STELLARTON, Nova Scotia — Sobeys here has struck a deal to distribute food and grocery items for Target’s expansion to Canada.

STELLARTON, Nova Scotia — Sobeys here has struck a deal to distribute food and grocery items for Target’s expansion to Canada.

The deal could help Sobeys realize a benefit from an explosion in square footage that otherwise has Canadian food retailers worried.

Minneapolis-based Target said it would begin opening stores in Canada in early 2013 with plans for up to 135 stores by 2014. The retailer is expanding through the lease purchase and subsequent renovations of the Zellers chain of discount stores. Target has also transferred 39 of the Zellers leases to Wal-Mart Stores, helping to fuel that chain’s expansion in Canada.

Sobeys said it would use its existing distribution network to provide Target stores with frozen, dairy and dry grocery products, including national-brand and Target private-label products. The two companies have also agreed to leverage one another’s distribution networks as a means to reduce transportation expenses.

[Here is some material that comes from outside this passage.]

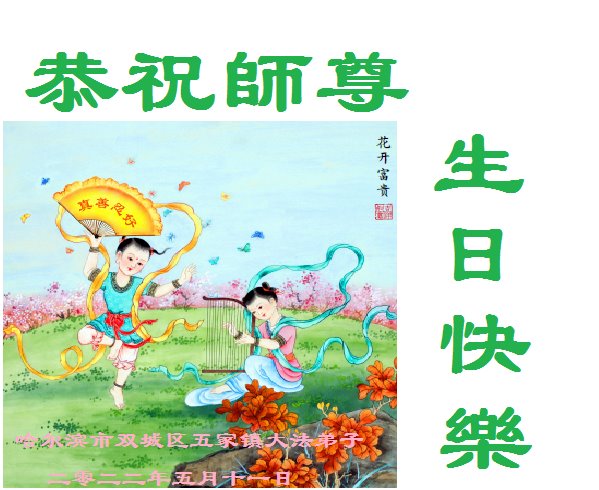 大法弟子祝李洪志师父生日快乐!恭贺法轮大法洪传三十周年! 助师正法,精進实修,做好三件事,兑现誓约,随师圆满回家。 黑龙江省哈尔滨市双城市区五家镇大法弟子恭祝师父生日快乐!
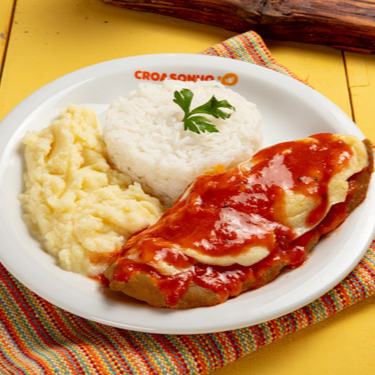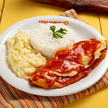 Parmegiana feito com filé de frango empanado com molho de tomate e muçarela, arroz branco, batata palha ou purê.

“We are pleased to welcome Target as a valued wholesale customer. The associated increased revenue, and supply chain efficiencies, which will lower our costs, will continue to strengthen our competitive position,” Bill McEwan, chief executive officer of Sobeys, said in a statement.

Target officials have said that their Canada stores would vary by location as to the amount of food they will offer. But any addition of square footage to the market will continue to pressure food retailers there, sources said.

Galen G. Weston, executive chairman of Loblaw Cos., in an investor presentation late last month said that Wal-Mart’s expansion was a “disruptive” force in the Canada food retail market, particularly as chains battle for fresh food sales.

“Even though we’re quite confident about the way we’re competing against them, you don’t open a supermarket with zero sales, no matter how compromised your offer might be,” Weston said in remarks at the Scotia Bank Back to School Conference in Toronto. “And when you’re putting in footage at the rate they are today, it can’t help but improve their share and it can’t help but come at the expense of those of us who have been around for a long time.”

Target also said it finalized its $1.8 billion deal with Hudson’s Bay Co. for the Zellers stores, selecting 84 additional leases and bringing the total number of leases selected to 189. Target in May completed the purchase of 105 Zellers leases, the majority of which will become Target locations.

Target said it would acquire leasehold interests in 29 of the 84 additional leases selected, and would sell the remainder. This group includes the 39 leases Target agreed to transfer to Wal-Mart Stores in June.